Other notable stories:
- Last week, Bud Hulsey, a Republican state lawmaker in Tennessee, introduced an official resolution “reprimanding” the Associated Press for an investigation that it published last year detailing deep-seated racism in the military; Hulsey called the story “manifestly untrue” and accused the AP of “the lowest form of incendiary journalism.” Kat Stafford, the lead author on the AP’s story, defended the reporting in a Twitter thread.
- After Kelly McBride, NPR’s public editor, recommended that Nina Totenberg, the legal affairs correspondent, clarify a controversial story about a mask dispute at the Supreme Court, Totenberg told the Daily Beast that she hadn’t looked at the recommendation “and I don’t care to look at it because I report to the news division.” (McBride works independently of the newsroom.) She added that McBride is “not clarifying anything!”
- Insider’s Steven Perlberg assessed fears that the proliferation of paywalls is making access to news a privilege for the well-off, and explored some alternative models. Nikki Usher, a University of Illinois professor who has written about media inequality, told Perlberg that it’s a “twisted and unfair message to tell people, ‘Don’t use fake news. Rely on high-quality sources’ when they get shut down the second they try to use them.”
- Last week, CJR’s Paroma Soni reported on plans for a well-funded local-news nonprofit in Houston. On Friday, Chris Tomlinson, of the rival Houston Chronicle, expressed some skepticism as to the value of the new venture, arguing that Houston already has a vibrant media landscape and that the money may be better spent in a news desert instead. “Like for-profits,” he argued, “nonprofits go where they can generate revenue.”
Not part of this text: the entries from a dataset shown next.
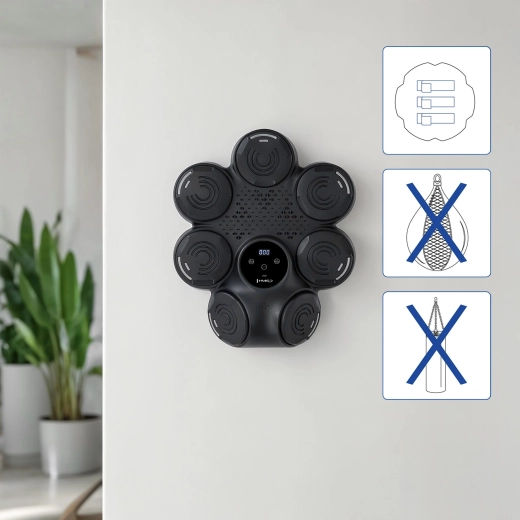 De speciale constructie met verhoogde slagzones zorgt voor een realistischer contact en laat je rechte stoten, hooks, uppercuts en reactie op lichtsignalen trainen. De montage met stevig klittenband is snel en stabiel, terwijl de geïntegreerde accu met USB‑C‑opladen zorgt voor gemak zonder kabels. In de verpakking vind je ook duurzame bokshandschoenen voor de zak, zodat je direct kunt beginnen.
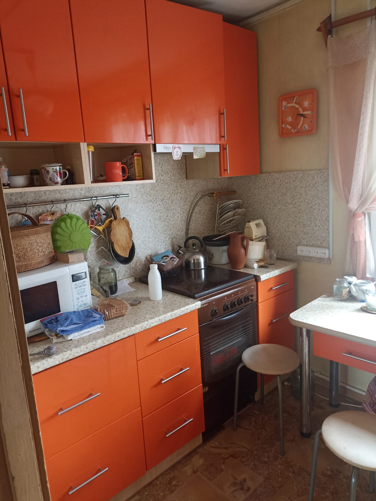 В квартире остается вся необходимая для жизни сантехника и мебель, в т.ч. новый кухонный гарнитур с вытяжкой.
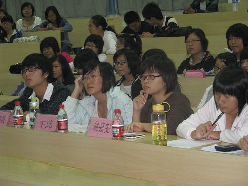 18:30,400全讯白菜网“行走在60周年”朗诵演讲比赛预赛在1-203准时开始,共有14位优秀的选手参加了本次的比赛。每位选手以“我的祖国”为主题,通过诗歌朗诵的方式表达了自己对祖国深深地热爱和敬意。他们深情并茂、激情澎湃的朗诵也感染了在场的所有同学,教室内掌声不断。最终,09中本二班沈琴、沈晓娟、吴莹萍,09中本三班陈媛媛,09广本张恒宇、葛连燕,09历本吴弘泽,08中本一班冯静安突出重围,进入决赛。
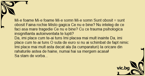 Mi-e foame Mi-e foame Mi-e somn Mi-e somn Sunt obosit = sunt obosit Faina rochie Misto gagica Ce nu e bine? Nu inteleg de ce faci asa mare tragedie Ce nu e bine? Cu ce trauma psihologica insignifianta autoinventata te lupti?
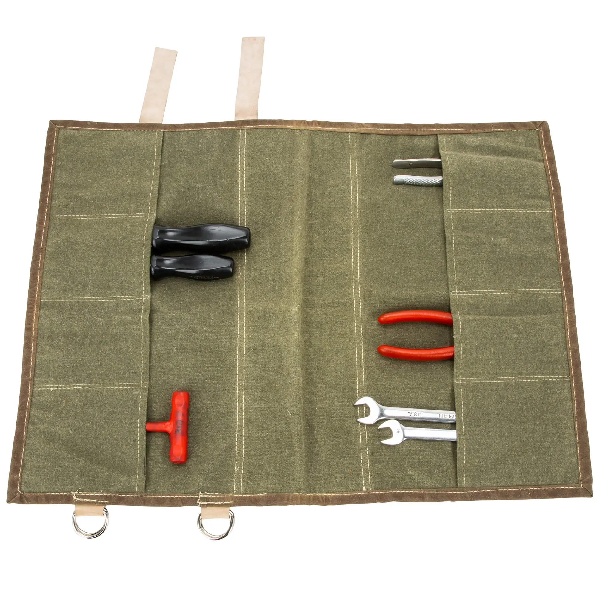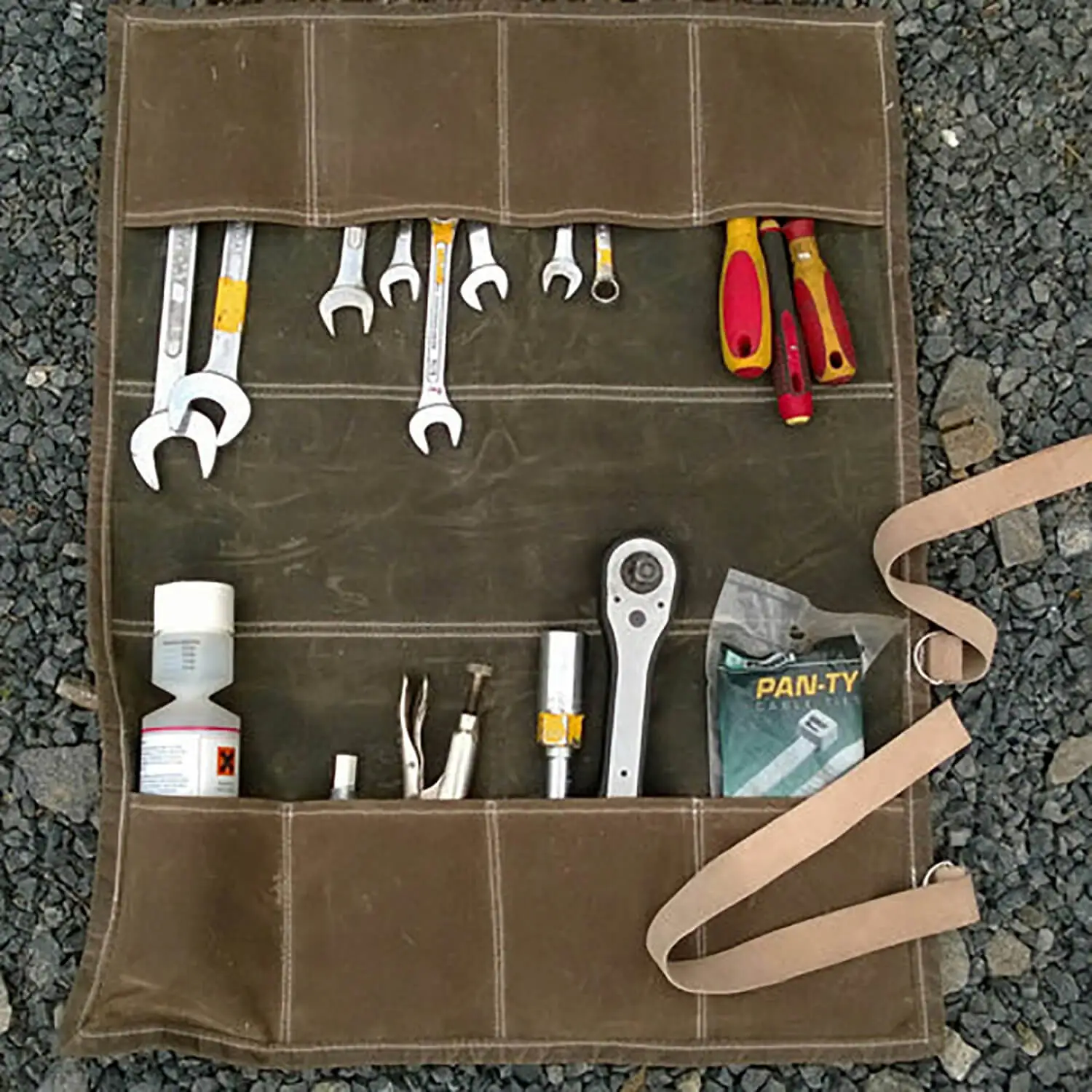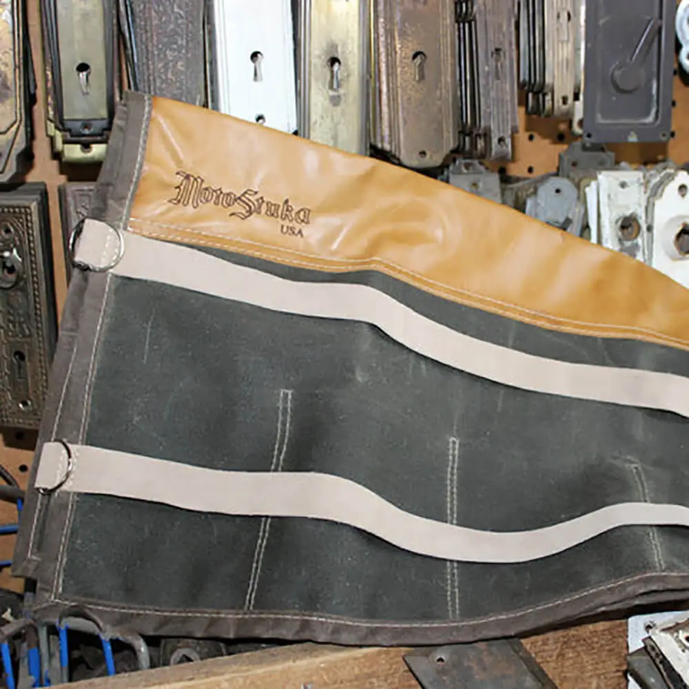 The ME23 Gigante tool roll is a tank! Constructed of the toughest materials, this roll will travel with you to the ends of the Earth! Designed to hold twice as many tools as the JU87, the ME23 is heavy waxed canvas, double hand-stitched with nylon upholstery thread, and reinforced with thick cow hide. This design is all about functional simplicity.Β

- After Tropical Storm Eta caused millions of dollars in local property and infrastructure damage in 2020, despite being relatively weak, Langston Taylor and Zachary T. Sampson, of the Tampa Bay Times, partnered with the National Hurricane Center to model how rising sea levels could make the impact even worse in the future. By 2050, they calculated, an Eta-size storm could flood five times as many properties in the area.
- Early Saturday morning, police in Turkey detained Sedef Kabaş, a prominent TV journalist, and charged her with insulting Recep Tayyip Erdoğan, the country’s authoritarian president; Kabaş had repeated a proverb—“when the ox comes to the palace, he does not become a king but the palace becomes a barn”—both on air and online. (She did not name Erdoğan.) If convicted, Kabaş could face several years in jail.
- Since extraordinary protests in Kazakhstan were quelled two weeks ago, authorities have continued to go after journalists who covered them, sentencing at least three reporters to jail terms on various public-order charges while bringing at least six others in for questioning, including a staffer for the Kazakh arm of Radio Free Europe/Radio Liberty, a US-funded broadcaster. The Committee to Protect Journalists has more.
- A bipartisan group of lawmakers in the UK criticized an array of prestigious London law firms for helping oligarchs and other wealthy foreign clients bring malicious libel suits against British journalists, highlighting recent cases including that of Tom Burgis, a Financial Times reporter who is being sued by a Kazakh mining company. The lawmakers called for action to curb such suits. The Guardian’s Harry Davies has more.
- And there was a “murder” on the roof of the Pittsburgh Post-Gazette’s newsroom.